The 2019 commercial real estate insurance rate increases will continue into 2020, insurance experts predict. Along with rate increases, the International Risk Management Institute (IRMI) forecasts more restrictive insurance coverage offerings, additional information requests from underwriters and a stronger tendency for underwriters to decline new and renewal risks. For commercial real estate insurance managers, rate pressures may impact profitability.
Increased Insurance Submissions Means Preparing Earlier for Renewal
According to one insurance practice leader, underwriting submissions are up 25 to 35% across all insurers. In habitational risk, liability coverage for apartment risks has emerged as one of the toughest sectors to insure with challenges that include assault and battery risks as well as slip and falls. Jurisdictions like Florida, New York, Georgia, Texas and California will see tightening underwriting standards and less capacity, meaning carriers may extend lower limits and request higher deductibles and retentions. Jurisdiction, not necessarily the insured’s risk management approach, appears to be a major factor in today’s real estate insurance underwriting decisions.
With increasing jury verdicts pushing premium increases, more real estate investors are seeking ways to lower premiums. Many are attempting to go solo on their insurance rather than remain in their property manager’s risk portfolio. However, today’s carriers may ask for more risk management detail as well as requesting loss runs for longer periods. Traditionally, underwriters would review three-to-five years of loss runs. Today we see carriers asking for up to ten years of loss runs before deciding on an account’s insurability.
Underwriting Rejections, Limited Insurance Limits and More Exclusions Can Increase Your Risk
Real estate investors, especially in habitational risks like apartments, must prepare earlier for renewal and take a very targeted approach to their insurance coverage. They should showcase any efforts they’ve taken to manage weather-related risks. Working with a broker experienced in real estate risks can give investors seeking improved coverage a strong advantage in today’s competitive insurance marketplace. Business Insurance reports that habitational risk is “one of those ugly words in the marketplace right now,” citing “drastic changes in terms, conditions and premiums in most occupancies.”
According to IRMI’s Insurance Market Report 2019, insureds with any loss history in the past 12 months can expect general liability rate increases from five to 15%. Underwriters may impose more insurance sublimits to reduce their exposure to liability.

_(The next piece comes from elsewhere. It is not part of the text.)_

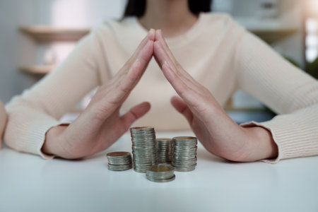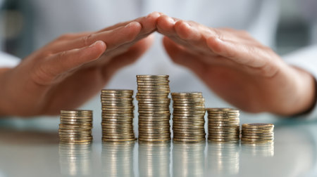 Secure financial growth is represented by hands protecting stacks of coins, symbolizing investment safety and security. image conveys trust and stability in financial management
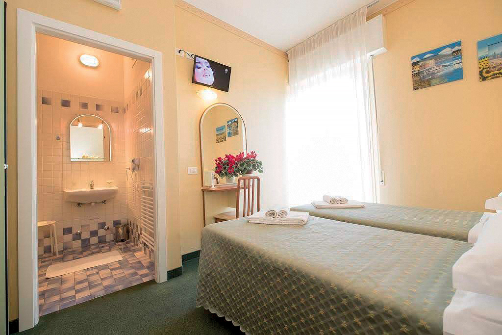 klidná poloha pár kroků od pláže i dochozí vzdálenost do historického centra Rimini

This tightening insurance marketplace means the real estate sector must focus on strategic risk management and determine how to balance accepting more risk with profitability. Enterprise risk management, a strategic approach to identifying and managing all risks facing an organization, is more important than ever to today’s real estate owners and managers.
Commercial Real Estate Insurance Property Rates Impacted by Catastrophes
In property insurance coverage, insurance rates are “significantly higher,” according to IRMI. Several unprofitable years, driven by catastrophe losses and an increase in the reopening of many closed property claims, have forced rates higher, especially on large commercial property accounts. Real estate investors could see rate increases as high as the double digits, according to one insurance expert. However, properties located in areas exposed to fires, floods, or windstorms are likely to see the highest increases. Additionally, underwriters are scrutinizing frame construction due to an increasing number of fire losses.
Finding adequate property limits in frame construction is more challenging. Standard property insurance markets may shy away from writing property risks, especially those with a loss history. Excess and surplus (E&S) lines markets are poised to pick up the slack, however, and an agent or broker with deep ties to the E&S market can help real estate risk managers strategically protect their real estate portfolios.
It is as important as ever to work with a broker who is your risk management partner in order to ensure insurance carriers feel comfortable with your loss history and your risk management program.
The Commercial Real Estate Insurance Excess or Umbrella Liability Picture
Rate increases hit the commercial excess liability market before the primary market, according to IRMI. These increases have particularly stressed the excess liability market. Auto liability is very hard hit for insureds with fleet exposures, with rate hikes of 15% or more. Insurers are insisting on higher attachment points, especially with excess liability covering auto exposures. While in the past many real estate investors purchased excess coverage with a different carrier than the underlying insurer to save money, today’s underwriters will charge a higher rate when that carrier doesn’t write the underlying liability coverage.
Commercial Real Estate Insurance for Professional Liability Rates Under Pressure, As Well
The professional liability market is seeing rate increases of up to 30%, according to IRMI. Ten percent seems to be “the norm,” according to one wholesale brokerage. Even strong risks are experiencing rate hikes in their professional liability policies. However, terms and conditions remain more stable than in other lines.
Increases of 10% and higher are now the norm in directors and officers (D&O) insurance coverage. Carriers are demanding changes in retention levels they require, and some carriers left the D&O market entirely. This means less capacity and more underwriting leverage for the carriers that remain in the D&O sector. Pressure from cyber exposures and fears of harassment claims are causing underwriting and boardroom worries.
In the big picture, expect this: Lower D&O limits, higher premiums, increased retentions and an increase in coverage restrictions will challenge the commercial real estate insurance market in 2020.